Not seeing many options, since there were the massive, turbaned Imperial guards everywhere, and starting to feel a bit peckish, I followed him across the lawn toward the beach. Between the ruined, vine covered temples, were gorgeous, huge topiaries. All kinds of beasts, both real, extinct, and imaginary, had been rendered in these beautiful gardens, and among them strode the very real menagerie, looking just as fanciful.
There were also two large mausoleums of much newer construction than the city around us. Over the door of each were the names Emperor Victor Joseph Hippocrates the First, and Emperor Victor Joseph Hippocrates the Second. The Emperor turned to me and smiled. “A ruse, of course. It’s always been me throughout the years, as I’m sure you’ve now guessed. I travel back and forward through time setting plans in motion to create this Eden you have been enjoying. Much like yourselves!” he added with a smile.

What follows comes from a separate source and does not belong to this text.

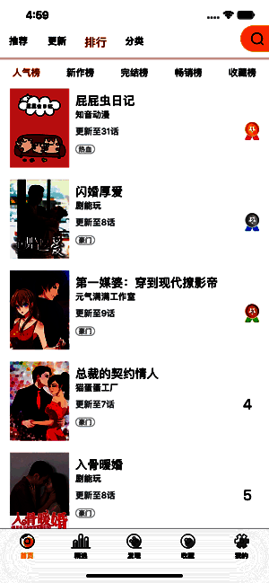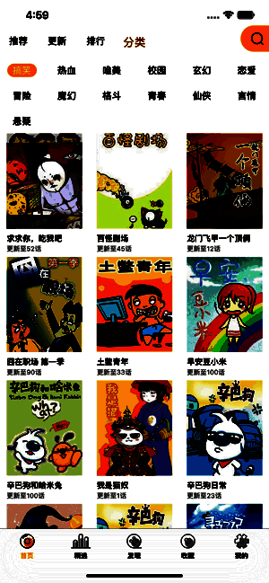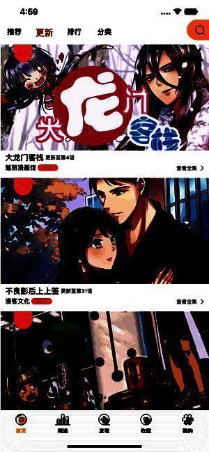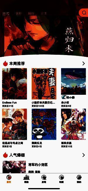 与传统模式不一样的发现界面,清爽简洁的UI设计,可以更快找您喜爱的漫画。

“Eden!” Calgori growled under his furrowed brow, but the Emperor either did not hear or chose to ignore him.
“I didn’t want my people to think me some strange immortal creature,” the Emperor continued. “So I have faked my death several times, and posed as my own son and now grandson as needed. I chose this city because it has been unchanged since the Thirteenth Century. If you wanted to make your home in a place that would never change, no matter what time you traveled to, this is an excellent spot. Very clever of me,” he said with a sparkle which was meant that he wanted us to know he was joking when he patted himself on the back.
“I had furniture constructed of the highest, most long lasting quality and placed it here long ago. Now my rooms stay nearly unchanged no matter what time I travel to!” He grinned smugly. “Of course, if you travel too far back in time you have to deal with the city’s previous occupants, as I once learned. Not a pretty bunch, those Mayans, I barely survived the meeting. Still, it gives me nearly a thousand years to work with, and believe me you can accomplish a lot with
a thousand years of non-linear time to play back and forth in. I have staff in most eras of the last few centuries, and they await my appearance to take my commands and execute them.”
As we walked, the palace and the sea were to our right, and to our left I could see a massive and gorgeously adorned hot air balloon being inflated. The gondola was sitting on a pedestal between topiaries, and attached to it was one of the glass orbs from the Ophelia’s Chrononautilus! On the side of the gondola was an anchor and spool. This was obviously how the Emperor managed his time travel, he’d go up in the balloon, jump through time, drop anchor and descend to nearly the same location but in a new era.
Soon the grass ended, and we stepped onto beautiful white powdered sand. Waves gently rolled onto the beach, and sleepily slipped back into the vast blue sea. In the middle of the sand was a tent of luxuriously ornate fabric, with decorative posts, golden ropes, and flags depicting the symbol of a deer eating a growing leaf. The sides of this tent were tapestries, and the scenes on them ranged from wildlife to what might have been illustrations from the Kama Sutra’s more advanced pages.
The Emperor turned back to us with a sly grin. “This will be a pleasure for us both! Allow me to introduce you to my wives!” We came around to the front of the tent, which was open to the sea. Inside was dark, but we could see silhouetted on the translucent cloth walls a huge bed on which were the almost pornographically shapely silhouettes of two women. They embraced and were kneeling on the bed between numerous tasseled pillows, kissing. When they noticed us, one of them leaped from the bed and ran to the Emperor. She was more flawless than a fashion model in her barely existent bikini and terra-cotta tanned skin. She looked at the Emperor doe-eyed, threw her arms around him and kissed him deeply.